See also the article by Reisæter et al in this issue.
Prostate cancer exhibits a wide range of aggressiveness from indolent to lethal biologic behavior. Recognizing this, treatments become more radical as the number of adverse features associated with the cancer increase, although with more radical treatments come increasing side effects. Thus, to direct optimal, individualized treatment, it is important to characterize the disease status as accurately and consistently as possible.

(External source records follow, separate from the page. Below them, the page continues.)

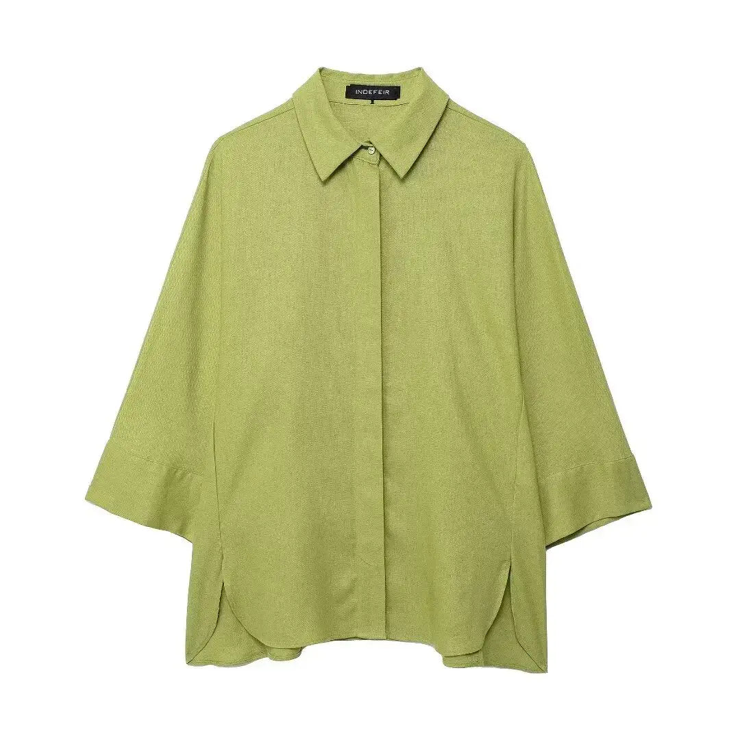 Women’s Two Piece Set Loose Single-Breasted Shirt Elastic Waist Pocket Folds Decorate Wide Leg Pants - Green / XXL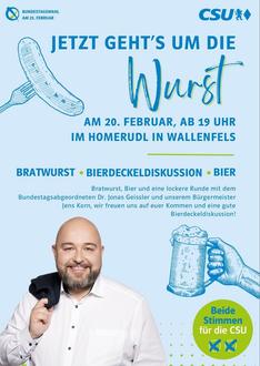 „Jetzt geht´s um die Wurst!“ unter diesem Motto laden die CSU-Ortsverbände Wallenfels und Neuengrün am Donnerstag, 20. Februar, ab 19 Uhr ins Gasthaus Homerudl ein. Das Motto hat an diesem Abend eine doppelte Bedeutung: Zum einen im Hinblick auf die Bundestagswahl. Abgeordneter Jonas Geissler wird zu der anstehenden Richtungsentscheidung Stellung nehmen und bei der „Bierdeckeldiskussion“ auch die Fragen der Teilnehmer beantworten. Der Titel gilt aber auch kulinarisch: Das Homerudl-Team schmeißt den Cutter an und produziert extra frische Bratwürste für den Abend. Und vielleicht verrät Jonas Geissler als Abgeordneter für Coburg und Kronach, ob ihm die Würste aus der Residenzstadt besser schmecken als die aus dem Frankenwald.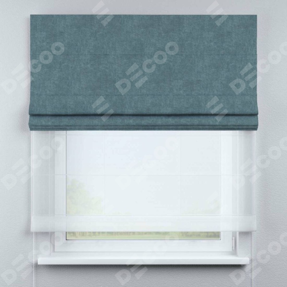 Римская штора день-ночь производителя «Cortin», используется для проёма, пошита из двух полотен, с лицевой стороны канвас серо-голубой артикул v-330, вторая ткань тюль (по стандарту комплектуется тюль белого цвета артикул V-01). Имеет универсальный механизм и подходит для монтажа: на потолок, на стену и в нишу.
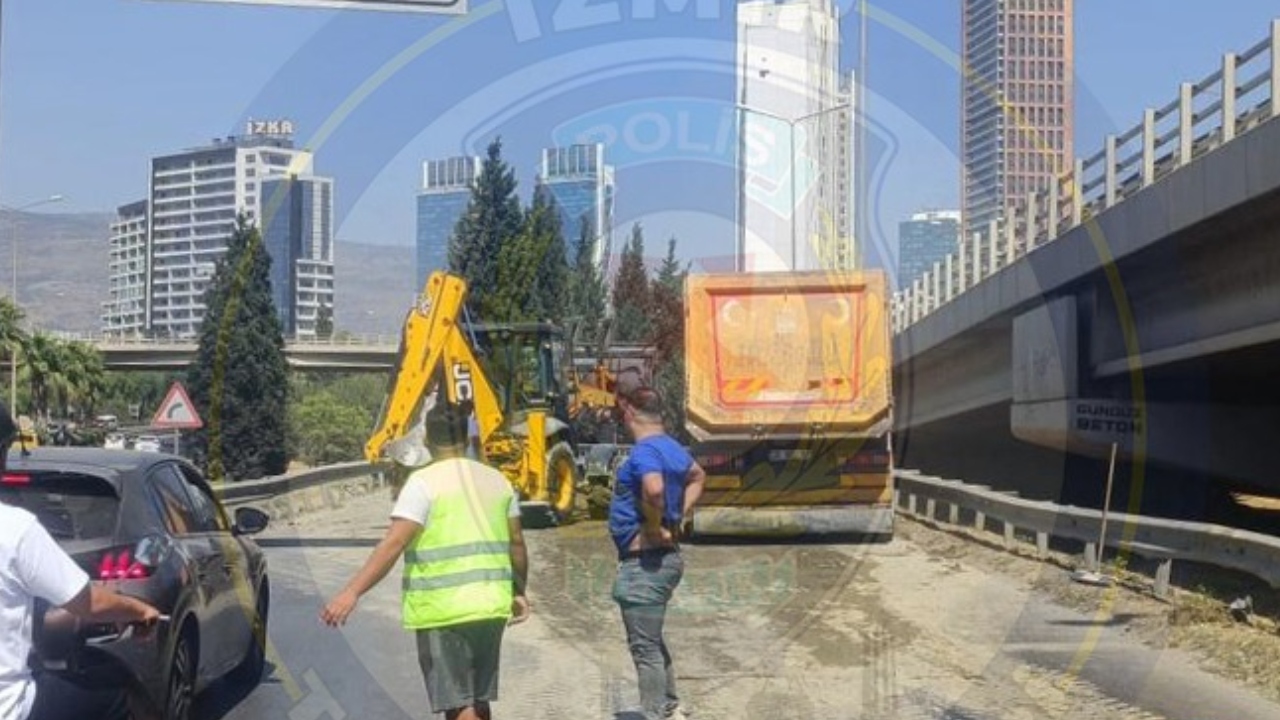 İzmir’de yola inşaat malzemesi döküldü: Güzergah kilitlendi, temizlik çalışmaları sürüyor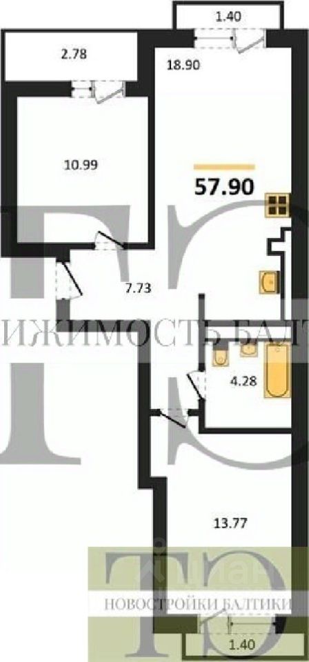 Квартира: 2 к 57,90 кв.м., 9 этаж в комплексе Подсолнухи, 4 очередь, корп.6, сдача: 4кв. , этажей: 9, адрес Калининград г., Крейсерская ул., , Застройщик: Модуль-Стройград.
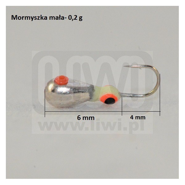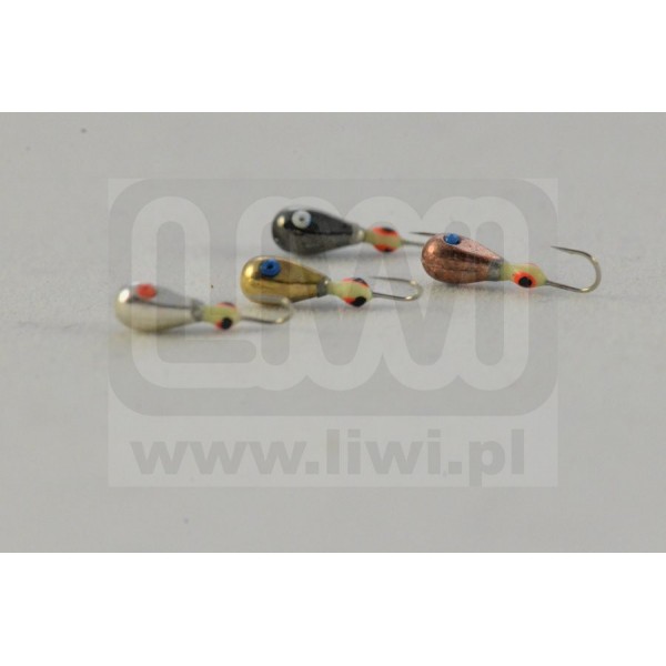 Sportowa mormyszka w kształcie gruszki ze ściętym lusterkiem, które odbijając refleksy świetlne dodatkowo wabi ryby.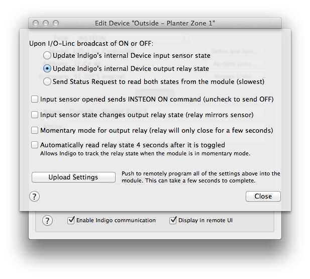 Haga doble clic en el dispositivo en la lista de dispositivos y haga clic en el Editar configuración del dispositivo... botón. No importa cuánto Sabe usted sobre el Linc de la entrada-salida, estos ajustes todavía pueden ser confusos. Coincidan con los valores con los de la captura de pantalla incluida y haga clic en el botón subir. Se configurará el Linc de la entrada-salida para cerrar el relé cuando envíe un comando y permanecerá cerrada hasta que le digas que apague. Algunas personas prefieren usar un modo momentáneo donde el relé se abrirá automáticamente después de un período determinado, sé que estará creando múltiples horarios que no se agua siempre para la misma duración.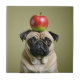 Gracioso Pug con una manzana balanceándose encima de su cabeza.

Extraprostatic extension (EPE) is an important indicator of prostate cancer aggressiveness and is an independent predictor of biochemical recurrence-free survival, which is strongly correlated with the histologic severity of EPE as measured by radial extension of the cancer from the gland (1–4). Because of the higher risk of recurrence, more aggressive therapies are warranted when EPE is clearly present. Because EPE is difficult to determine intraoperatively, the diagnosis must be made preoperatively. Parenthetically, EPE is the preferred term as the prostate does not have a well-formed capsule and therefore extracapsular extension is less appropriate. Thus, EPE is associated with a higher risk of recurrence, metastases, and ultimately death and is therefore assigned importance by clinicians.
The Prostate Imaging Reporting and Data System (PI-RADS) has been instrumental in improving the uniformity of reporting prostate cancer. It provides standardized nomenclature and criteria with which to assess the risk that a lesion identified at multiparametric MRI represents clinically significant cancer. The establishment of PI-RADS has had many desirable effects. First, it provides a standardized basis for teaching radiologists how to interpret multiparametric MRI. Additionally, it provides a shorthand for communication among the various subspecialists who treat prostate cancer, thus facilitating accurate conveyance of important clinical information. It also provides a basis with which to compare studies in the literature, enabling more meaningful meta-analyses.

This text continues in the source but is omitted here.